THE PROBLEM
Medical students need to practice applying conceptual knowledge in authentic situations.
Medical students face a challenge in the transition from didactic instruction in the first half of medical to application when they start clinical rotations. The mental leap to apply conceptional knowledge to a bleeding patient in a crowded ER is a big one. We addressed this gap in training with AI-driven case based learning that provides studnets with the opportunity to interact with patients in authentic and dynamic clinical scenarios.
Results
Seven months post-launch, the product has facilitated over 30,000 case sessions across more than 9,000 unique users. Its distinctive value proposition of combining clinical rigor with a simple, intuitive user experience continues to resonate with medical institutions. As of this writing, 58 healthcare education programs have either piloted or actively adopted the platform, reflecting strong early momentum and market fit.
Understanding our primary customer:
Healthcare Educators
Problems to solve:
Educators need to facilitate patient interactions practice for medical students in order to prepare them for clinical rotations.
Writing simulation cases is time consuming and traditional simulation centers are cost and time intensive
Educators need to accelerate students’ clinical skill development and evaluate their preparedness at scale
Students need lower-stake opportunities to practice patient interactions before high-stakes evaluations
Enable streamlined way to deliver realistic patient interaction practice without needing full simulation center resources
Help accelerate clinical skill development through repetition and immediate feedback
Enable faculty to efficiently evaluate communication and clinical reasoning skills objectively across many students
Support for asynchronous learning to fit student schedules and free up educator time
Understanding the problems
How might we…
Defining our plan
Build a best-in-class patient simulation experience addressing the needs of faculty and enterprise customers.

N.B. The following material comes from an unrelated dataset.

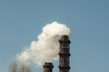 Dense smoke and steam coming out from the industrial chimney. Environmental Pollution concept.

For healthcare educators, the ability to facilitate realistic patient interaction simulations efficiently, cost effectively and more regularly in order to better prepare students for success in clinical rotations and, ultimately, in practice.
Project Challenges
First to market
Bringing this product to market as one of the first scalable, AI-powered patient simulation platform for pre-clinical medical education presented both a strategic advantage and a significant challenge. While there was a clear unmet need - educators lacked low-cost, low-stakes ways to help students practice patient interactions - the absence of direct competitors also meant a lack of precedent. Every aspect of the product experience, from the simulation format to the faculty assignment model, had to be built from first principles and rigorously validated through pilots. We had to educate customers on how this new solution fit into their existing workflows, while simultaneously proving that the experience was pedagogically sound and technically reliable. Striking the right balance between innovation and adoption readiness was essential to building credibility in a conservative, high-stakes domain like healthcare education.
Building with third party dependencies
A core complexity of the this platform was its reliance on third-party providers for critical AI functionality. While these technologies were essential to delivering a lifelike, responsive patient experience, they introduced unique technical, operational and revenue risks. Shifts in provider APIs, latency issues, model accuracy limitations, and integration hurdles all impacted the quality of the end-user experience. Additionally, the medical education use case required a higher threshold of reliability and domain specificity than typical consumer-facing AI tools. Developing prompts and safeguards to ensure consistent, clinically appropriate responses - while also maintaining data privacy and performance standards - required tight engineering, product & content collaboration, aggressive testing, and ongoing iteration.